Note some differences in filepaths:
- 2013: `2013-National-Transit-Database/2013-Table-19-Transit-Operating-Stats.xls`
- ~~2014: `2014-National-Transit-Database/2014-Table-19-Transit-Operating-Stats.xls`~~ *Error with macros, download manually*
- 2015: `2015-NTD-Tables-APTA/Metrics.xlsm`
- 2016: `2016-National-Transit-Database/2016-NTD-Metrics_0.xlsx`
- 2017: `2017-National-Transit-Database/Metrics_1.xlsm`
- 2018: `2018-National-Transit-Database/Metrics_2.xlsx`
- 2019: `2019_Annual_Database_Files/Metrics_Static.xlsx`
- 2020: `2020_Annual_Database_Files/Metrics_Static.xlsx`

In [58]:
file_paths = {
    2013: '2013-Table-19-Transit-Operating-Stats.xls',
    2014: '2014-Table-19-Transit-Operating-Stats.xls',
    2015: 'Metrics.xlsm',
    2016: '2016-NTD-Metrics_0.xlsx',
    2017: 'Metrics_1.xlsm',
    2018: 'Metrics_2.xlsx',
    2019: '2019_Annual_Database_Files/Metrics_Static.xlsx',
    2020: '2020_Annual_Database_Files/Metrics_Static.xlsx'
}

In [81]:
def get_zip(year):
    if year == 2017:
        url = requests.get('https://www.apta.com/wp-content/uploads/Resources/resources/statistics/Documents/NTD_Data/2017-National-Transit-Database.zip')
    elif year == 2015:
        url = requests.get('https://www.apta.com/wp-content/uploads/2015-NTD-Tables-APTA.zip')
    else:
        url = requests.get(f'https://www.apta.com/wp-content/uploads/{year}-National-Transit-Database.zip')

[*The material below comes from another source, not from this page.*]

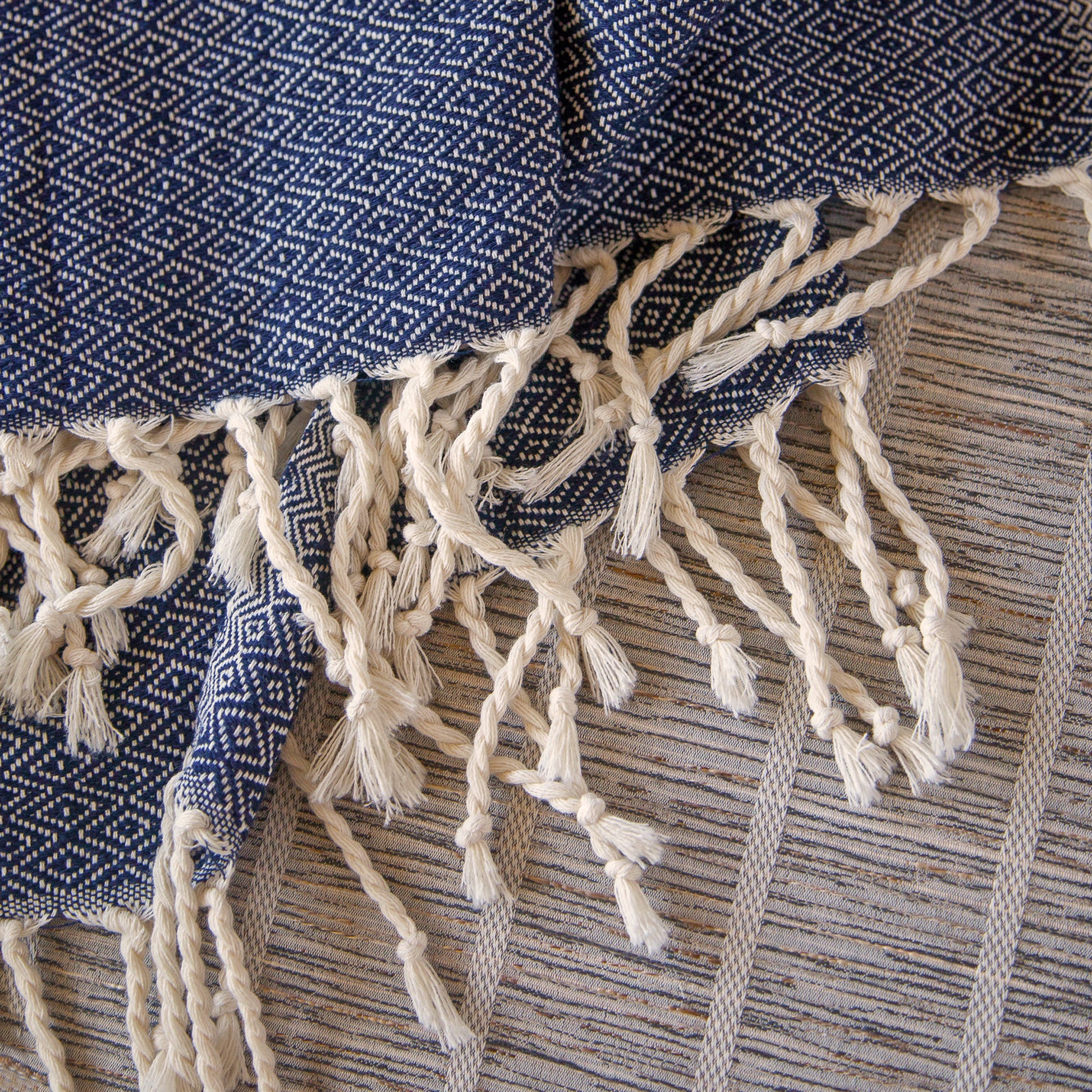 Wrap yourself in pure comfort with the Feliz Rhombus Turkish Throw—a thicker, softer, and cozier take on traditional handwoven textiles. Crafted with a unique threading technique on a pedal loom by Rodrigo and his artisan cooperative in Oaxaca, this throw offers the perfect balance of warmth and breathability. Whether you're curling up at home, layering it over your bedding, or taking it along for a breezy beach day, its luxurious texture and timeless design make it a staple for every season.
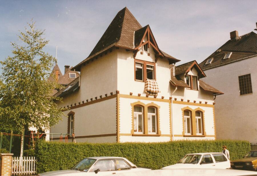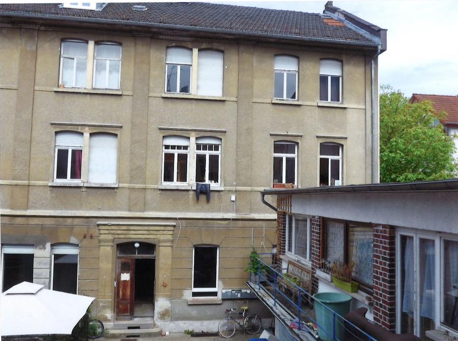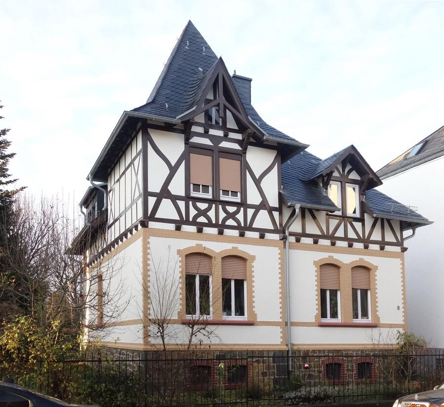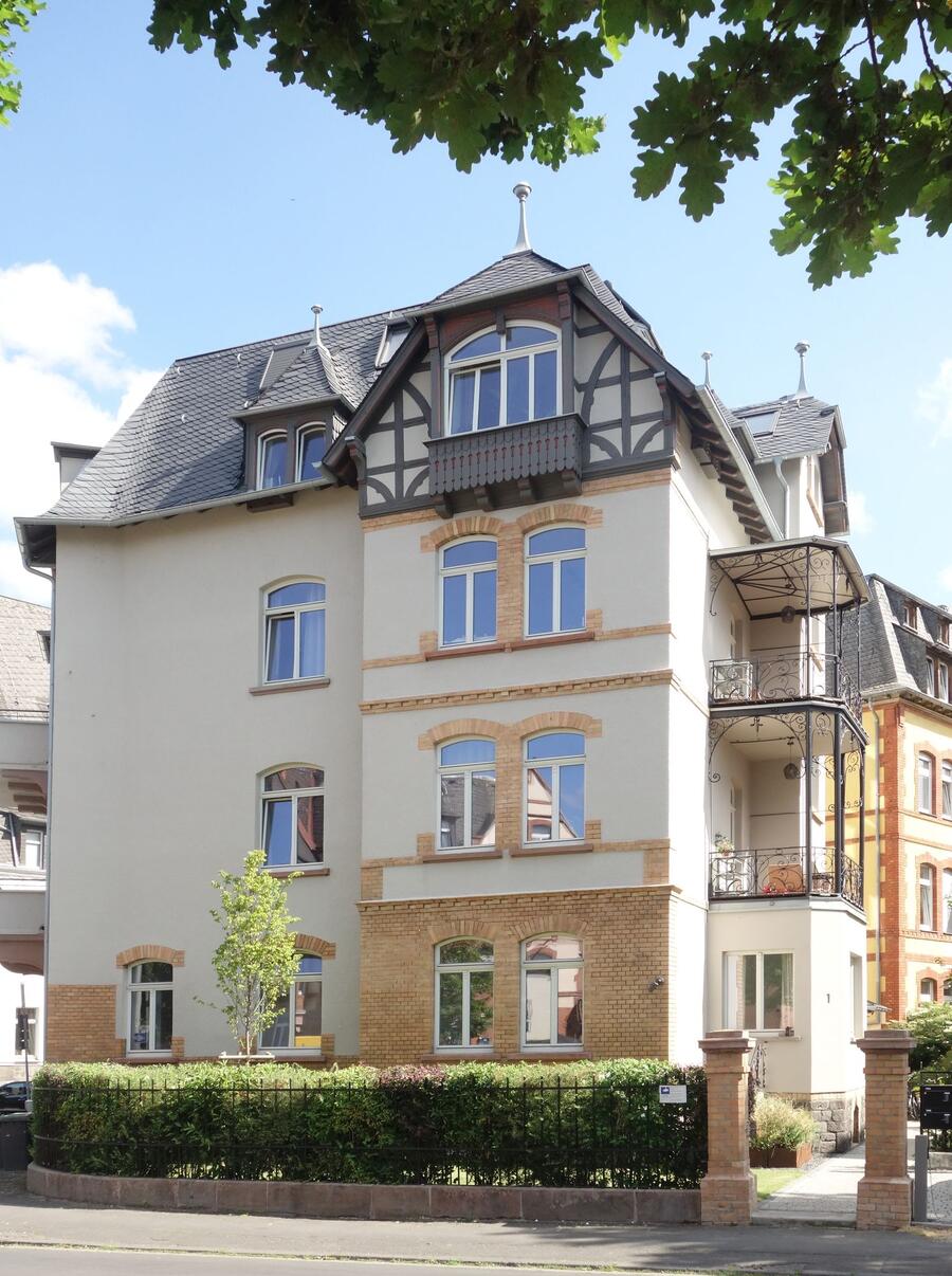 Das 1901 für einen Tabakhändler erbaute kleine Wohn- und Geschäftshaus zeichnet sich durch eine interessante verschieferte Dachlandschaft, pittoreskes Zierfachwerk im Obergeschoss und das Wechselspiel von farbigen Klinkern und Putzflächen im Erdgeschoss aus. Das Fachwerk wurde denkmalgerecht saniert und ebenso wie die Putzflächen nach historischen Farbbefunden gestaltet. Da die bei einer früheren Sanierung aufgebrachte Beschichtung der Klinker nicht ohne Substanzschäden entfernt werden konnte, wurden die vermutlich aus der Gail’schen Dampfziegelei und T(h)onwarenfabrik Wilhelm Gail stammenden Klinker im Originalton neu gefasst und durch einen farblich an den Kalkmörtel angelehnten Fugenstrich strukturiert.

    zipfile = ZipFile(BytesIO(url.content))

    with zipfile.open(file_paths[year]) as f:
        if year == 2013:
            df = pd.read_excel(f, sheet_name="Op_Stats_Service", skiprows=[0])
        # elif year == 2014:
        #     df = pd.read_excel(f, sheet_name="Op_Stats_Service", skiprows=[0, 3])
        else:
            df = pd.read_excel(f, sheet_name="Metrics")

    # Filter the DataFrame to rows where column J == 'RB'
    df_filtered = df[df["Mode"] == "RB"]

    # Save the filtered data to a new CSV file
    output_file = os.path.join(output_dir, f'transit_data_{year}_filtered.csv')
    df_filtered.to_csv(output_file, index=False)

In [85]:
for year in years:
    print(year)
    get_zip(year)

2013
2015
2016
2017
2018
2019
2020


In [50]:
# url = requests.get(f'https://www.apta.com/wp-content/uploads/2013-National-Transit-Database.zip')
# zipfile = ZipFile(BytesIO(url.content))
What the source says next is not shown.